Отцовские слезы не тронули душу Ивана. Глянув на отца в упор, он бросил ему со злостью:
— Что вам молиться за сына? Вы же бросили его, как щенка! И что вам теперь спрашивать про него, если рос он сиротой, с позорной кличкой бегляка?
— Сына не трогайте. Товарищ командир, не бейте в самую душу, — встрепенулся Епифан Парамонович. — Эх, да где вам понять! Для меня мой сын — это вся моя жисть, все мои помыслы. Для него жил, про него думал и старался.
— Какой ему прок от ваших дум? — покачал головой Иван. — Ходил ваш Ванька по Ольховке как самый последний босяк: рубашонка рваная, штанишки в дырах, а на душе полынь горькая. Всю жизнь краснел за своего отца. Куда ни сунется — ему щелчок по носу: сын презренного бегляка. А ведь ему хотелось быть человеком, как все. И нарядиться хотелось — надеть дорогой темно-синий костюм вместо рваной тужурки. А отец по белому свету за длинными рублями гоняется…
— Горько мне слухать такие слова, — прохрипел Епифан Парамонович. — Но такая, значит, моя судьба… Только я и здеся помнил про него. По крошке собирал. И теперича не будет мой сын нищим ходить. Не будет гнуть спину на чужих людей. Уж я про это позаботился.
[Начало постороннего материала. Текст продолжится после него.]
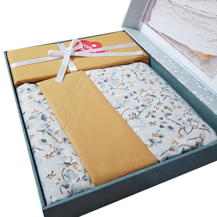 ست ملحفه کاتن باکس مدل Petite Posy Bej تک نفره 3 تکه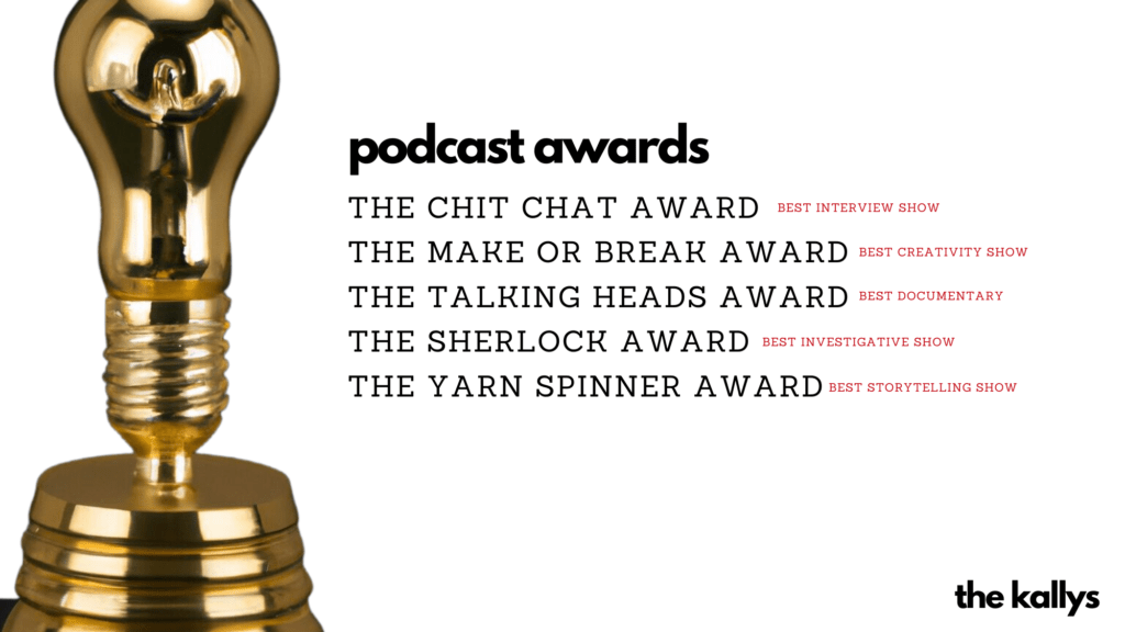 Following on from my recent post about my favourite TV & Streaming content in 2023, I wanted to share a similar (albeit much shorter) list of my favourite podcasts this year. Like the previous post, rather than creating a standard end of year list, I thought it might be amusing to dress up my “best of list” in the form of my own completely subjective awards: the kallys®. You can jot down the names of the shows below, or download this nifty PDF cheat sheet if you prefer. The focus here is firmly on human stories and the art of authentic storytelling, so if that’s your jam, then this list is for you. So, without further ado, here are the kally awards® for outstanding achievement in podcasting.

Будет доволен вот так. — Он провел ладонью выше всклокоченных бровей. — Про это я письмо написал своей супруге Евдокии Григорьевне.
— А как же вы письмо послали отсюда? — поинтересовался Иван.
— Передал с одним знакомым купцом, что в Россию ездил по торговым делам.
— Письмами отца не заменишь.
— Ваша правда. Но только не письмами я его собираюсь сделать счастливым, а своим капиталом. Я так думаю — после войны откроется маньчжурская граница, как до перевороту. Ведь раньше мы за дровами ездили в Маньчжурию. Каждый день китайцы огурцами торговали у нас под окнами. Так должно быть и теперя. Вот и получит мой Иван мои капиталы. Пущай пользуется.
— Значит, капиталами хотите откупиться? — зло прищурился Иван. — Червонцами хотите купить отцовское звание? Да разве это надо вашему сыну? Отец ему нужен. Отец! Понимаете? Ведь отец для сына — это первый человек на земле. От него сын мужиком становится. А вы? Какой вы отец, если не знаете собственных детей? Какой же вы к черту отец, если не узнаете собственного сына, который стоит перед вами? Глаза вам заслепило!
Епифан Парамонович изумленно раскрыл рот и не мог выдавить ни единого слова.
— А-а-а, — невнятно протянул он.
— Вот вам и «а»! — с горечью сказал Иван и, вскочив со стула, возбужденно заходил по комнате. — Родной сын в доме, а он рассусоливает о каком-то другом! Клянется ему в любви и верности. Да как же ты смеешь называть себя отцом?
— Иван? Ваня! — прохрипел Епифан Парамонович. Он хотел, встать, но не смог, очумело покрутил головой. — Не может того быть! Какое-то наваждение. Воды мне! — заорал он и рванул рукой воротник рубахи. Черная кожаная пуговица упала на пол и покатилась под ноги.
Вбежала перепуганная Евлалия с графином воды. Не зная, в чем дело, подумала: «Видно, полный отказ». И, болезненно поглядев на возбужденного Ивана, протянула отцу стакан с водой. Епифан Парамонович не взял стакана, оттолкнул дочь локтем и полез с распростертыми объятиями на сына.
— Ванюшка! Сын мой! Да как же я тебя не узнал? Ты же мама родимая — как две капли воды!
Он обхватил Ивана за широкие плечи, судорожно прижался к груди и своими причитаниями вконец растрогал сына.
— Ну ладно… что там, — невнятно пробормотал Иван. — Все прошло, о чем говорить?
— Как с неба свалился, — дивился Епифан Парамонович. — Думал ли я когда? И вот довелось! Гляди, какой орел вырос! Небось в больших чинах ходишь?